Bringing Medical Help to Rural Communities
UNOPS, May 2021
In the Upper East Region of Ghana, a three-wheeled vehicle makes its way down the bumpy rural road, raising a cloud of red dust behind it. It’s one of 80 ambulances that helps bring medical assistance to some of the most remote parts of the region.
Bordering Burkina Faso and Togo, the Upper East Region sees a great deal of cross-border movement of people, cattle and services. Nearly 90 per cent of the over 900,000 population is rural and highly dispersed across the region in more than 900 communities, often in very remote and hard-to-reach areas. For the women, men and children who live there, farming is their main source of income.
“The Upper East Region, already one of the country’s poorest, has a lot of challenges from infrastructural and resource deficits. Houses are sparsely distributed and roads are in very bad shape,” says UNOPS Project Manager, Herbert Appiah.
Most health centres also lack very basic health care equipment and personnel can be forced to turn away patients. Some health posts are themselves very dilapidated.
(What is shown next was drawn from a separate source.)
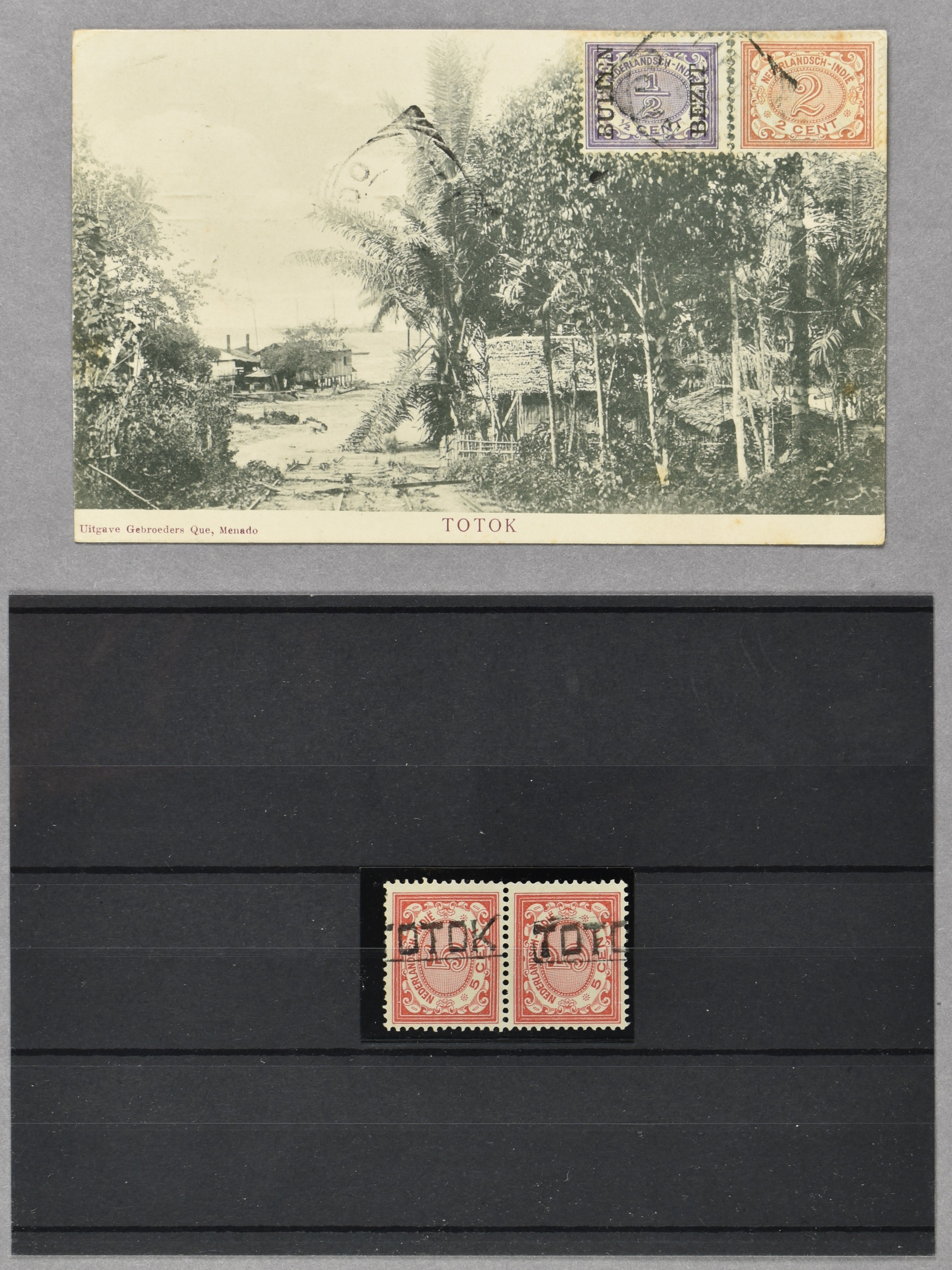 Naamstempel TOTOK (dus geen Ratatotok!) op 5 cent nr. 46. Prachtpaar met op elke zegel een afdruk van dit buitengewoon zeldzame stempel (SvL RR). Tevens bijgevoegd een prentbriefkaart uit 1911 met een afbeelding van Totok

All these make it challenging for healthcare to reach the region’s most vulnerable.
Herbert Appiah – UNOPS Project Manager
The region faces a high burden of communicable diseases such as malaria, tuberculosis and diarrhoea. More than a quarter of children under the age of five are malnourished. Located in the ‘meningitis belt’ of Africa, young people between the ages of two and 29 who live in Bolgatanga are also more vulnerable to contracting cerebral meningitis.
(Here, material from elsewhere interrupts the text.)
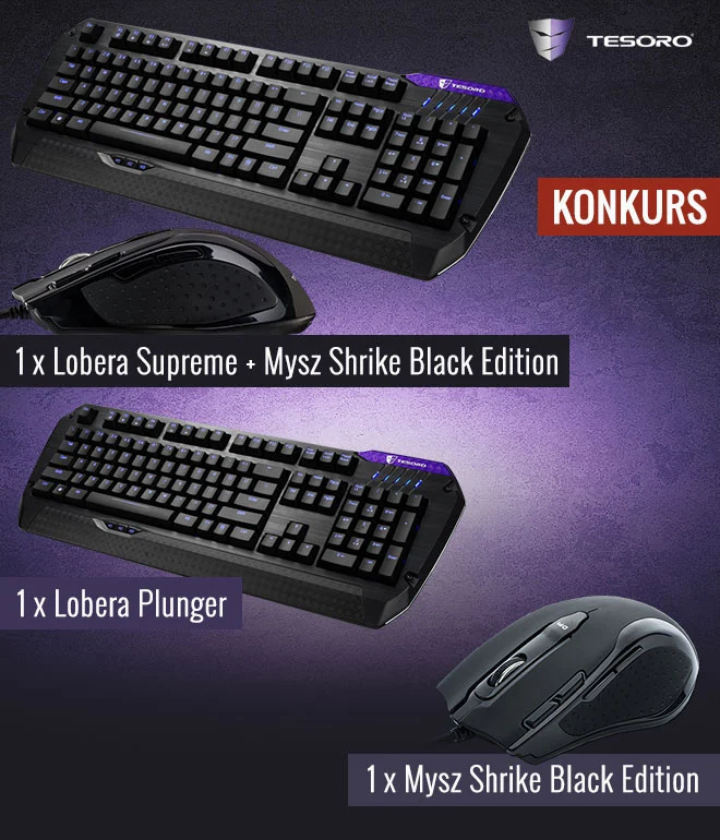 Wśród uczestników zabawy wylosujemy zestaw, w którego skład wchodzi klawiatura Lobera Supreme Blue Switch wraz z myszką Shrike Black o łącznej wartości 768 zł. Ponadto w puli nagród znalazła się klawiatura Lobera Plunger z pełnym podświetleniem RGB o wartości 339 zł i mysz Shrike Black z laserowym sensorem AVAGO ADNS-9500 o wartości 219 zł.

People in the Upper East Region receive much of their medical care from community-based health services. The Ghana Health Service’s Community-Based Health Planning and Services (CHPS) is a national strategy to help strengthen the care and services that community health workers are able to offer in some of the poorest districts, while addressing geographic barriers and bringing health services closer to people who cannot otherwise reach them.
A recent project aims to empower over 700 community health volunteers by giving them access to a range of medical and non-medical equipment designed to help them serve their communities better. A special focus was placed on reaching women during their pregnancies and birth, to help ensure safe deliveries.
The key challenge with respect to maternal deaths is actually referrals, our roads are not very good, so sometimes when these women are referred, they are delayed in arrival at the hospitals where the interventions will take place.
Dr. Winfred Ofosu – Regional Director of Health Services
The poor condition of roads also prevents community health volunteers and coordinators from reaching patients for home visits.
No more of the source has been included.